Abstract

Chronic total occlusions with ambiguous proximal caps present a significant challenge in endovascular interventions of patients with Buerger's disease. We aimed to evaluate the effectiveness of transpedal retrograde wire just marker technique in patients with Buerger's disease presenting proximal cap ambiguity and flush occlusions. Seventeen patients with the diagnosis of Buerger's disease who had below the knee artery chronic total occlusions with ambiguous proximal caps were enrolled. Procedural success, post-intervention Rutherford stage, wound scores, pedal loop scores, and amputation rates were recorded. Final study group consisted of 13 patients after exclusion of 4 patients due to pedal loop formation failure and severe vasospasm preventing equipment advancement.
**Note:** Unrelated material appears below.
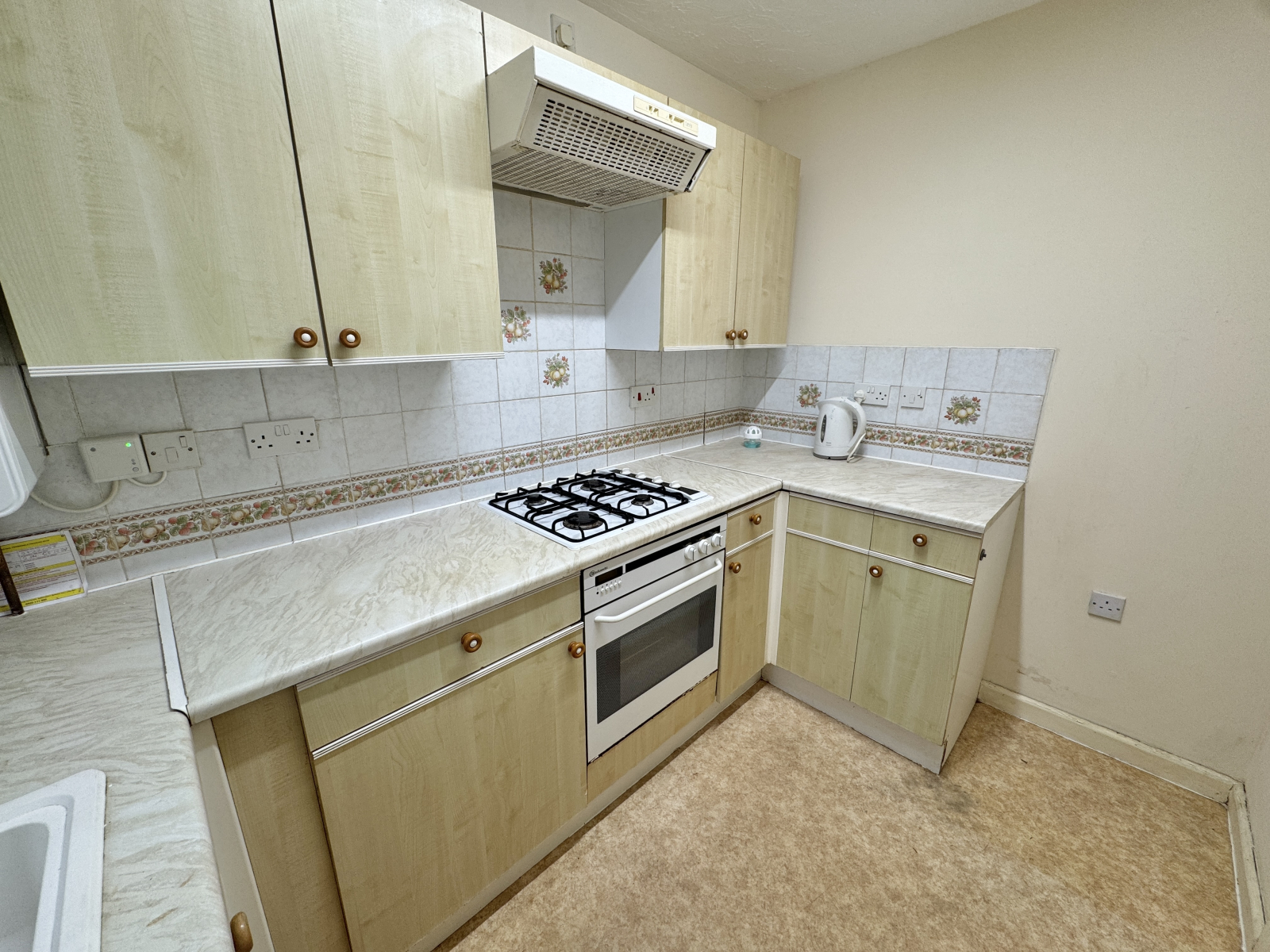 Vinyl flooring, UPVC double glazed window to front aspect. Modern combi boiler. Range of base and eye level fitted units and drawers with worksurfaces and tiled splash backs. Space for the fridge/ freezer. Oven and four ring gas hob. Radiator and power points.

Post-intervention angiographic success rate was 100%. The post-intervention Rutherford stage showed excellent improvement (mean preprocedural Rutherford stage = 5 vs mean post-intervention Rutherford stage = 2; p = 0.003). Additionally, the average Saint Elian Wound Score System (SEWSS) decreased significantly (Preprocedural 14.9 ± 4.0 vs Postprocedural 11.3 ± 4.7, p < 0.001) after the interventions. Two patients had a major amputation during the follow-up indicating that higher post-intervention pedal loop scores are associated with higher amputation rates. Transpedal retrograde wire just marker technique is an effective and practical method for revascularization of below the knee artery occlusions with ambiguous proximal caps. Including pedal loop angioplasty as a routine part of this technique can significantly increase blood supply to the pedal arch., thereby enhancing the likelihood of wound healing.